JP2743454B2 - Method for producing polyethers - Google Patents

Description

Description: TECHNICAL FIELD The present invention relates to a method for producing a polyether, and more particularly to a method for producing a polyether polyol.

[Prior art] Polyethers obtained by subjecting an initiator to a ring-opening reaction of a monoepoxide such as an alkylene oxide are widely used as raw materials for synthetic resins such as polyurethane, surfactants, lubricants and other uses. . The initiator is a hydroxyl group-containing compound represented by A (H) _n (A; a residue of the hydroxyl group-containing compound excluding the hydrogen atom of the hydroxyl group, n; an integer of 1 or more). As an initiator, for example, 1
There are polyhydric alcohol, polyhydric alcohol, monohydric phenol, polyhydric phenol and the like. Compounds having a hydroxyalkylamino group (alkanolamines, amines-alkylene oxide adducts, etc.) are also used as initiators. Further, polyethers obtained by reacting the above initiator with monoepoxide are also used as the initiator.

Polyethers are the following compounds obtained by subjecting the initiator to a ring-opening reaction of monoepoxide.
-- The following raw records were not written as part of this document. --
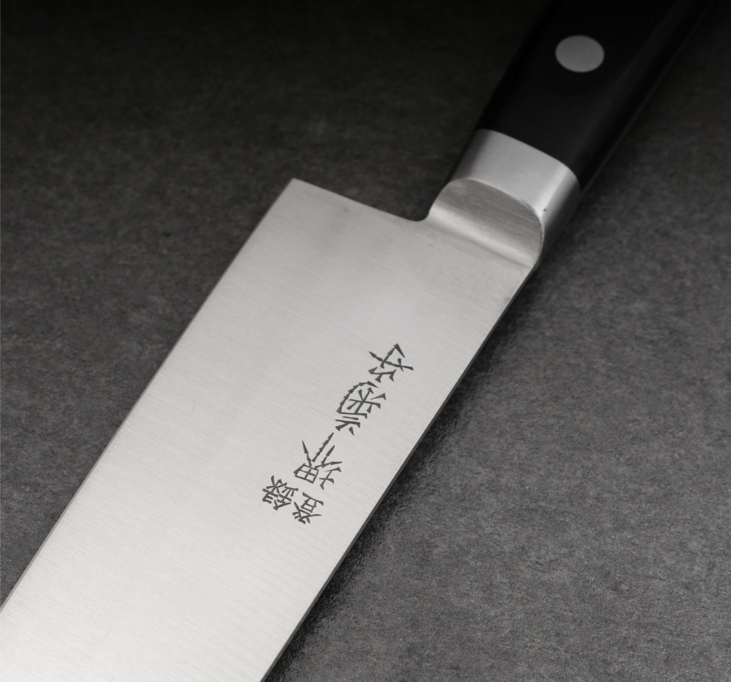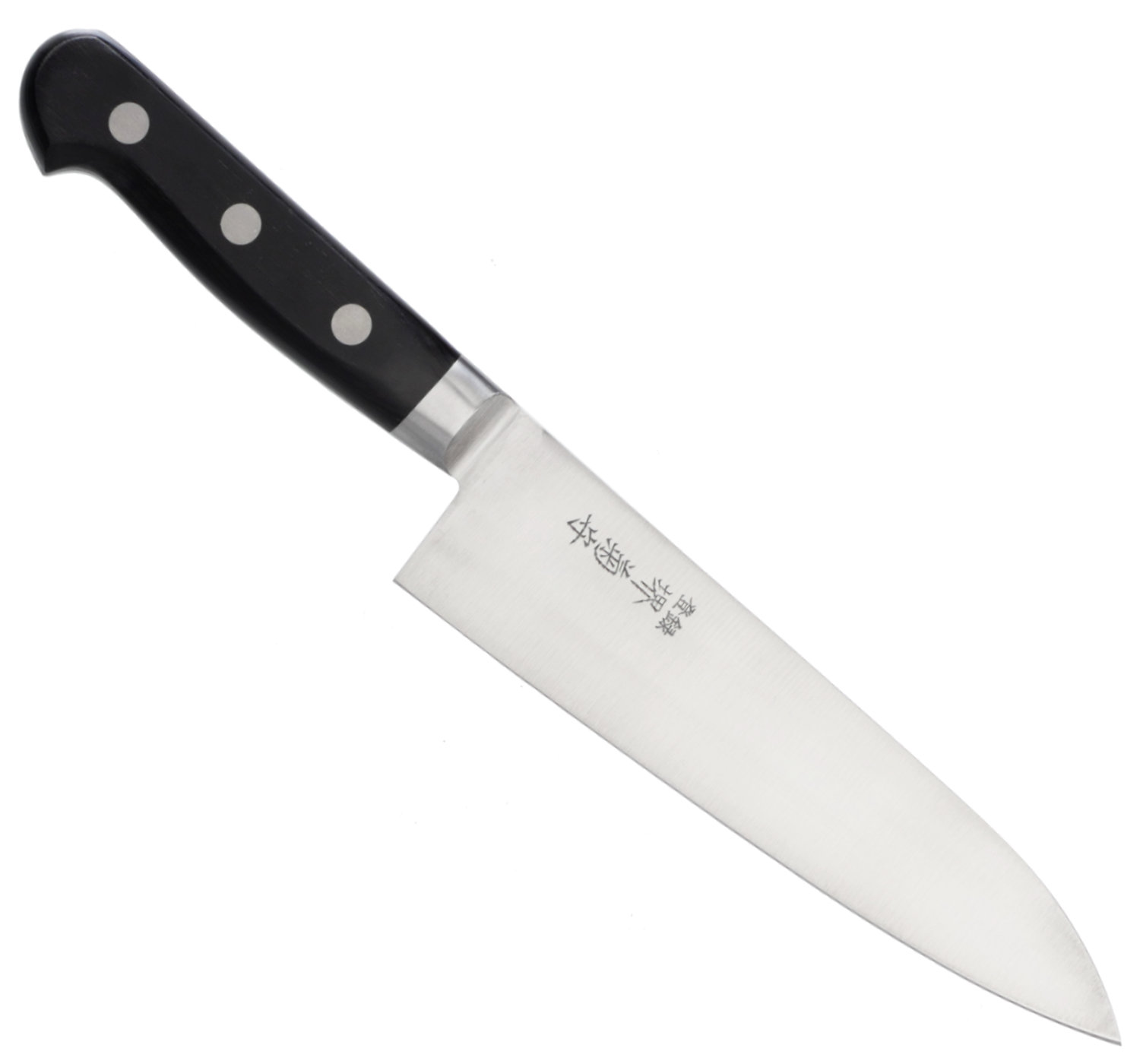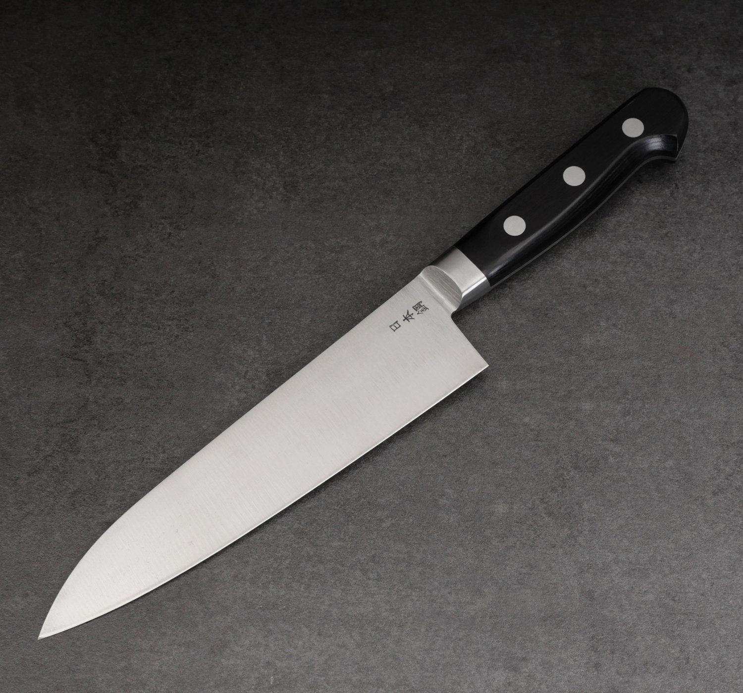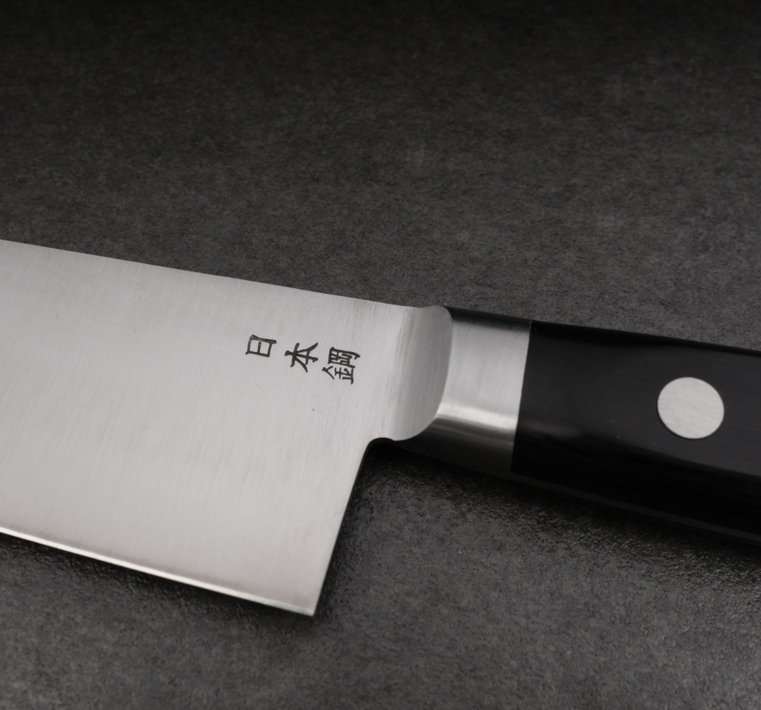Kockkniv i kolstålet SK-4. Den är inte rostfri och behöver hållas torr för att inte rosta över tid. I gengäld får den vacker patina på bladet och kniven är enkel att slipa. Den passar bra både som första riktiga kniv och som professionellt redskap för den erfarne kockken.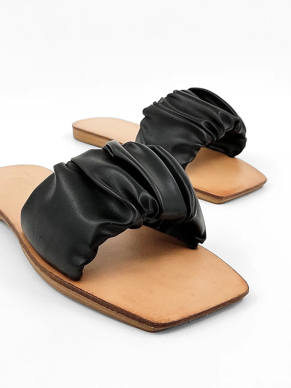 Get pedi-season-ready in our BELINDA slip-on sandals. These are made from smooth faux leather ruched straps and finished with a squared toe.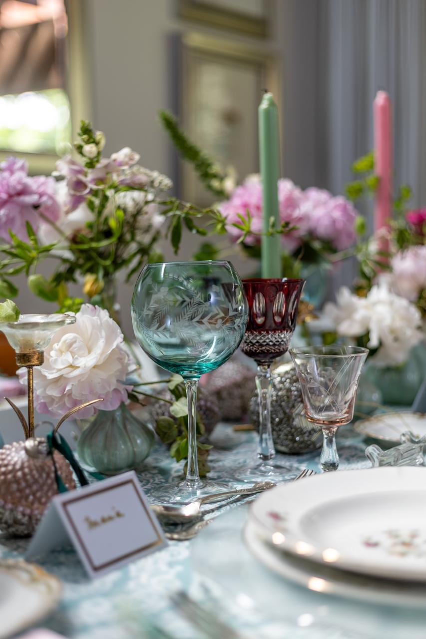 Set 4 copas grandes holandesas talladas flor y espiga. Medida: 21 x 8 cm.

AR-O _m H] _n (RO): ring-opened unit of monoepoxide n, m: an integer of 1 or more Conventionally, as a method for producing polyethers, a method of reacting monoepoxide in the presence of an alkali catalyst is known. Widely used. As the alkali catalyst, an alkali metal compound such as potassium hydroxide or sodium hydroxide has been used. However, polyethers obtained using an alkali catalyst have the following problems. That is, an unsaturated monool generated by isomerization of monoepoxide, particularly propylene oxide, serves as an initiator, and an unsaturated monoether having monoepoxide added thereto is formed.

As the molecular weight of polyethers increases, the ratio of isomerization increases, and this tendency becomes remarkable when the molecular weight is 5000 or more (in the case of trifunctionality). Therefore, when propylene oxide is used as the monoepoxide, the polyether with a molecular weight of 6000 or more is used. The synthesis of the class was virtually impossible.

On the other hand, it is known to produce polyethers using double metal cyanide complexes as catalysts (US 32784).
57, US 3278458, US 3278459). This catalyst generates little of the above-mentioned unsaturated monool, and can also produce very high molecular weight polyethers.

[Problems to be Solved by the Invention] However, the double metal cyanide complex catalyst has the following two problems. First, it was difficult to remove the catalyst from polyethers obtained by ring-opening a monoepoxide having 3 or more carbon atoms with an initiator using a double metal cyanide complex as a catalyst. Neither can the catalyst be separated by filtration, nor can it be separated by adsorption with an adsorbent such as activated carbon.

Second, it was difficult to add ethylene oxide using a double metal cyanide complex as a catalyst. When a double metal cyanide complex is used as a catalyst and ethylene oxide is fed to a polyether obtained by a ring-opening reaction of a monoepoxide having 3 or more carbon atoms with an initiator, polyoxyethylene, which is a high molecular weight ethylene oxide, is produced. In addition, uniform addition of ethylene oxide to the end of polyethers does not occur.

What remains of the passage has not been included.